_DATA PROVIDED_

++++

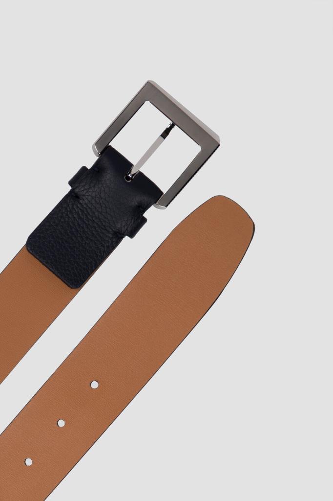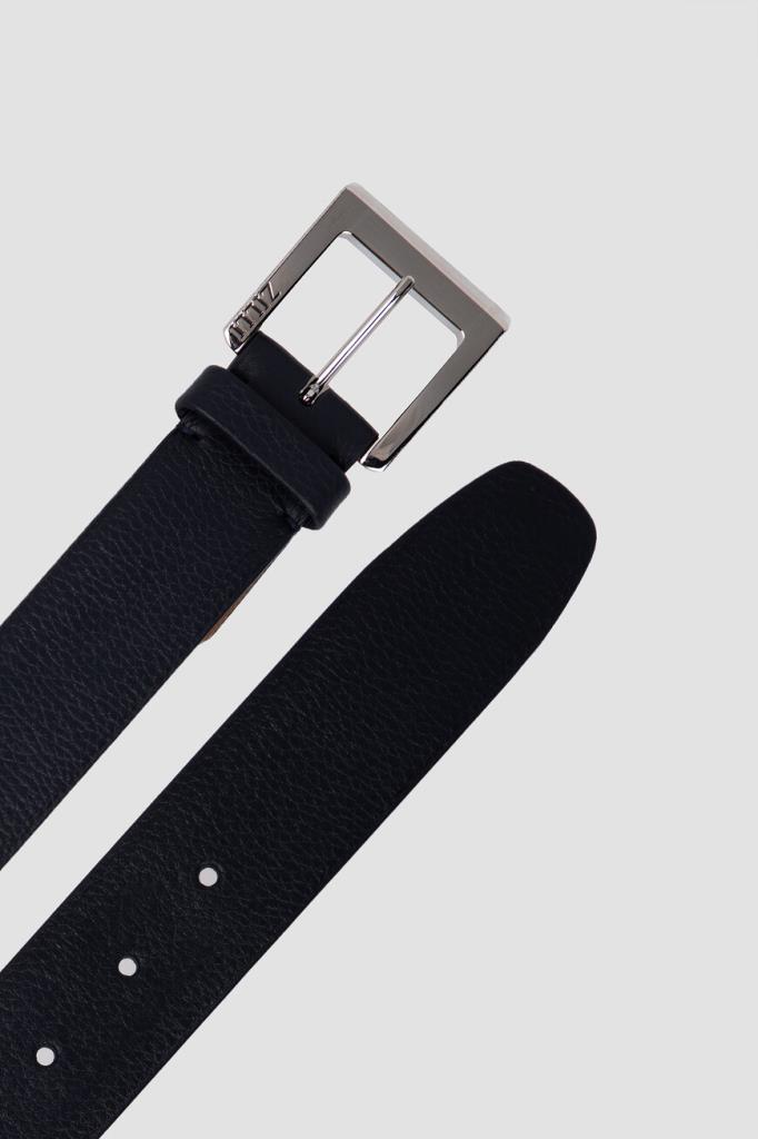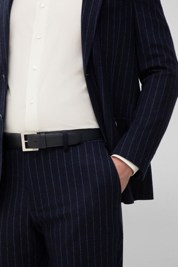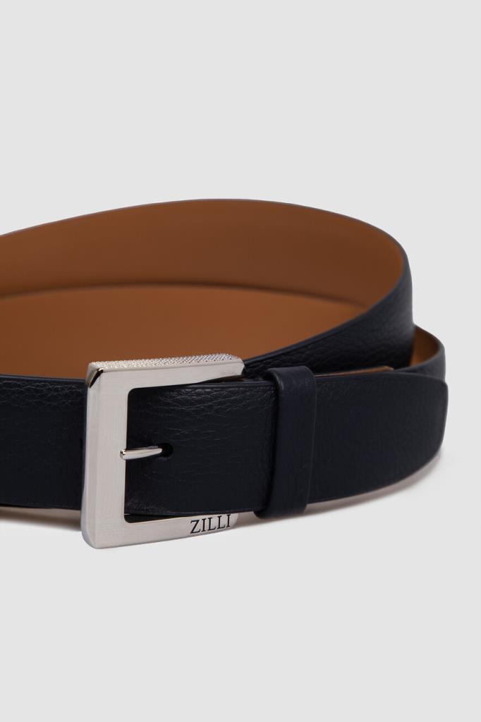 Тёмно-синий ремень Zilli с одним подвижным тренчиком. Аксессуар изготовлен вручную из зернистой телячьей кожи и оснащён пряжкой из прочного сплава с язычком для регулировки объёма. Пряжка декорирована рельефным узором на боковых гранях и выгравированным логотипом Дома. Изделие станет практичным дополнением образов как с джинсами, так и с классическими брюками.
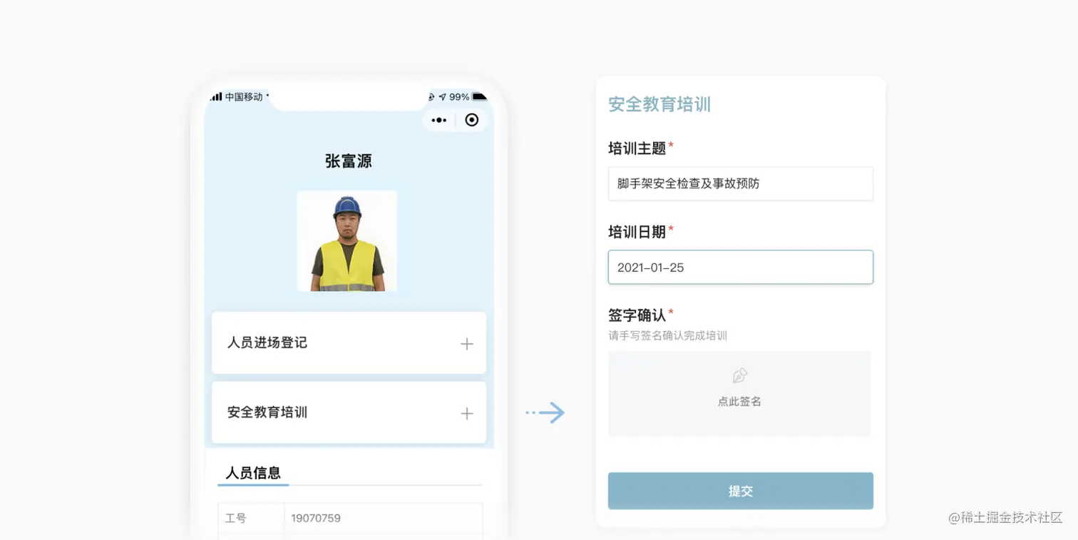 人员进场登记——对于较长的施工断面,管理场地开放,不方便设置闸机,可通过填表登记进场
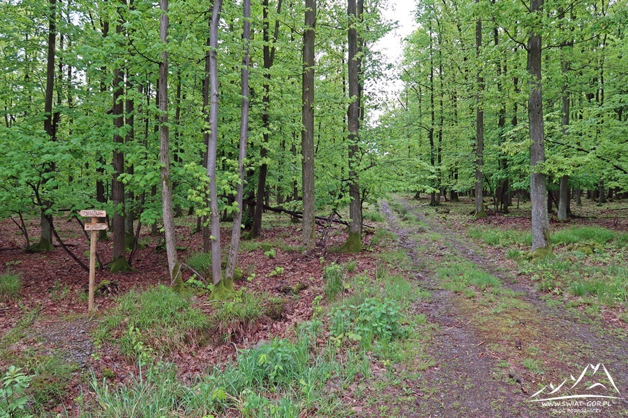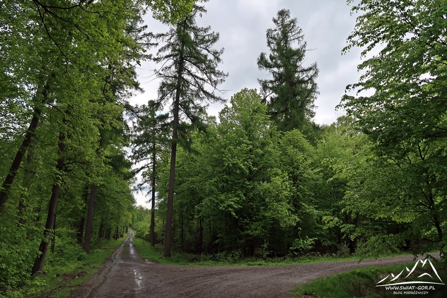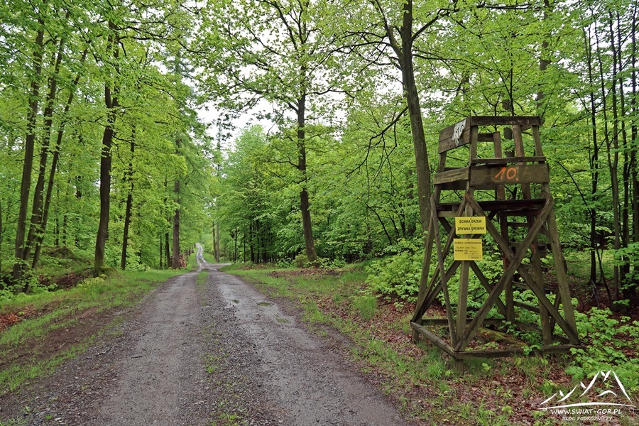 Wędruję spokojnie leśną drogą, która początkowo niestety pełna jest błota. Docieram do pierwszej polany widokowej, gdzie przede mną pojawia się panorama w kierunku Wężowej (362 m n.p.m.). Robię kilka zdjęć i idę dalej. Po drodze mijam liczne ambonki, a kilkadziesiąt metrów za amboną z numerem 10 docieram do skrzyżowania dróg. Według mapy tutaj mam skręcić w prawo w kierunku mojego pierwszego celu, czyli Lipowca (370 m n.p.m.).
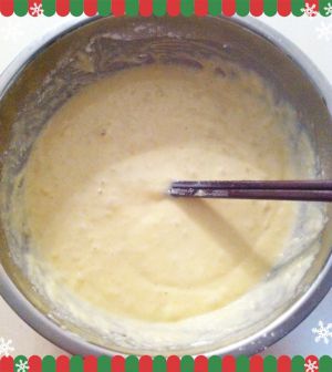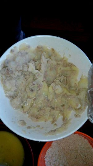 把打好的鸡蛋液倒入土豆泥中一起搅匀、再酌量加入自发粉继续不停的搅,直到成糊泥状。

++++

_PROBLEM REQUIREMENTS_
Please output the full listing above exactly, minus any pictures.

_RESPONSE_
 Тёмно-синий ремень Zilli с одним подвижным тренчиком. Аксессуар изготовлен вручную из зернистой телячьей кожи и оснащён пряжкой из прочного сплава с язычком для регулировки объёма. Пряжка декорирована рельефным узором на боковых гранях и выгравированным логотипом Дома. Изделие станет практичным дополнением образов как с джинсами, так и с классическими брюками.
 人员进场登记——对于较长的施工断面,管理场地开放,不方便设置闸机,可通过填表登记进场
 Wędruję spokojnie leśną drogą, która początkowo niestety pełna jest błota. Docieram do pierwszej polany widokowej, gdzie przede mną pojawia się panorama w kierunku Wężowej (362 m n.p.m.). Robię kilka zdjęć i idę dalej. Po drodze mijam liczne ambonki, a kilkadziesiąt metrów za amboną z numerem 10 docieram do skrzyżowania dróg. Według mapy tutaj mam skręcić w prawo w kierunku mojego pierwszego celu, czyli Lipowca (370 m n.p.m.).
 把打好的鸡蛋液倒入土豆泥中一起搅匀、再酌量加入自发粉继续不停的搅,直到成糊泥状。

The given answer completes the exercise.